**What to produce**
Once you find the line with "تحلیل BRICS او" in the entries below, return exactly every line from it through the line with "د اروپایي اتحدا".

**Task data**
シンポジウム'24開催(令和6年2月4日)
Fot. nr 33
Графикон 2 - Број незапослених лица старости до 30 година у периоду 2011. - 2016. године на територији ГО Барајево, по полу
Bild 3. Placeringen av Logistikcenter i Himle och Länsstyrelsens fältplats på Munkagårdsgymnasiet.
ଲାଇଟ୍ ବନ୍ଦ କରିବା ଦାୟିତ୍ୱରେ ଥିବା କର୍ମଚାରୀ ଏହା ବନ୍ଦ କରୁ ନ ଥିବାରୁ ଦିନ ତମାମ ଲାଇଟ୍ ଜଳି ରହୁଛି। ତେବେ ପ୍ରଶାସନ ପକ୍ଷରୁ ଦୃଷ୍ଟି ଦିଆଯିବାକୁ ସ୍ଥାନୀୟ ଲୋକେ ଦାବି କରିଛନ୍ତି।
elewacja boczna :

--

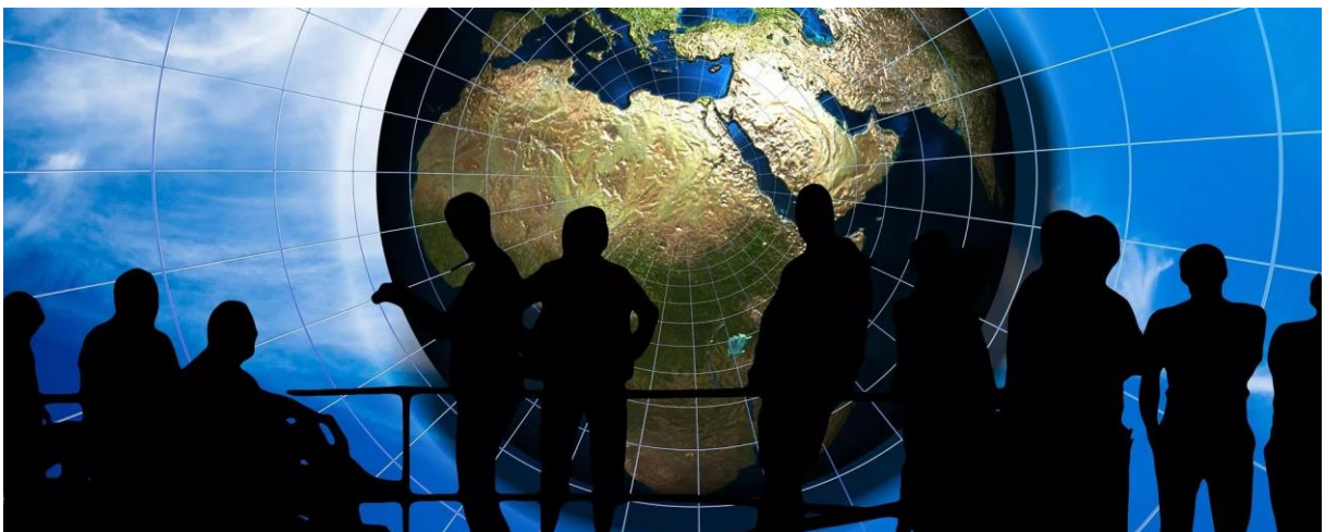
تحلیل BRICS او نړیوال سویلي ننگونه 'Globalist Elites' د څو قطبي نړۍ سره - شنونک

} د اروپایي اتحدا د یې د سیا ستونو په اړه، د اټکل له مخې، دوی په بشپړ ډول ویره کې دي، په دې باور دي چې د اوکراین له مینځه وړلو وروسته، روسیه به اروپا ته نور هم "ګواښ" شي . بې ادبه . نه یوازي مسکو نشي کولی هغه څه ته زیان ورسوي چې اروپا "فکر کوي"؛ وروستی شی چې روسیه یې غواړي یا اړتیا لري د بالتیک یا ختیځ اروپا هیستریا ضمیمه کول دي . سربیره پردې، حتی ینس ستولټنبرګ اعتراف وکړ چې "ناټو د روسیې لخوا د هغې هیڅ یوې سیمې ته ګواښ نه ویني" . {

**Answer to this exercise**
تحلیل BRICS او نړیوال سویلي ننگونه 'Globalist Elites' د څو قطبي نړۍ سره - شنونک

} د اروپایي اتحدا د یې د سیا ستونو په اړه، د اټکل له مخې، دوی په بشپړ ډول ویره کې دي، په دې باور دي چې د اوکراین له مینځه وړلو وروسته، روسیه به اروپا ته نور هم "ګواښ" شي . بې ادبه . نه یوازي مسکو نشي کولی هغه څه ته زیان ورسوي چې اروپا "فکر کوي"؛ وروستی شی چې روسیه یې غواړي یا اړتیا لري د بالتیک یا ختیځ اروپا هیستریا ضمیمه کول دي . سربیره پردې، حتی ینس ستولټنبرګ اعتراف وکړ چې "ناټو د روسیې لخوا د هغې هیڅ یوې سیمې ته ګواښ نه ویني" . {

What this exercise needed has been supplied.